End Quote Stephen Hawking University of Cambridge

Perhaps it was always like that - I remember living through 15 years of war in Lebanon. There were moments of international attention and efforts to help, in between long periods where we felt the world had forgotten us.

The world inevitably tires of complex, long conflicts where there are no clear answers about how to end the violence. This cartoon in the New Yorker is a harsh but perhaps accurate look at how the collective conscience deals with the relentless stream of bad news from Syria.

There is a renewed chorus to do "something'' about Syria, with appeals to people's conscience. Nobel Prize-winning physicist Stephen Hawking recently wrote:

What's happening in Syria is an abomination, one that the world is watching coldly from a distance. Where is our emotional intelligence, our sense of collective justice?

In a similar vein, Nicholas Burns, a former senior state department official, asked: "How many more lives will be claimed by Syria's ceaseless civil war before we are finally shamed to stop the killing?"

(Spare a thought for the North Koreans, too.
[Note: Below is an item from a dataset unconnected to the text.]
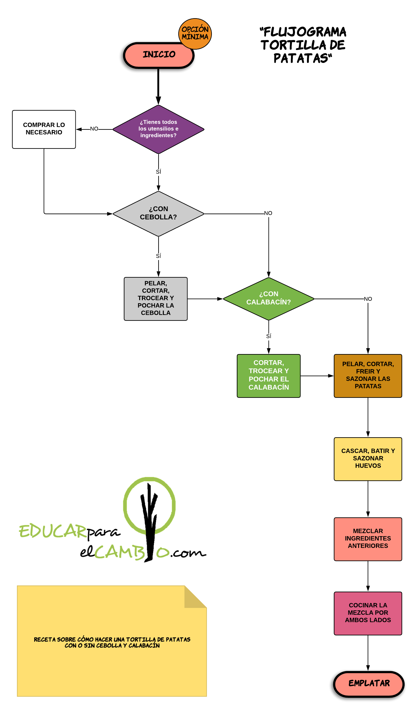 Como podéis ver este primer flujograma contiene algún error y es fácilmente depurable (optimizable, simplificable, corregible), si pensamos de forma más profunda buscando ahorrar procesos o símbolos podríamos llegar a este segundo flujograma:

A UN report out last week, too horrific even to read, compares the abuses committee by the government to Nazi Germany. I have yet to see much outrage or calls for action. )

But would our sense of shame and public outrage actually make a difference? When they discuss US policy options for Syria, administration officials repeatedly point to the fact that Americans have bigger concerns closer to home and that President Barack Obama is very mindful that the public has no appetite for interventions abroad, no matter how limited.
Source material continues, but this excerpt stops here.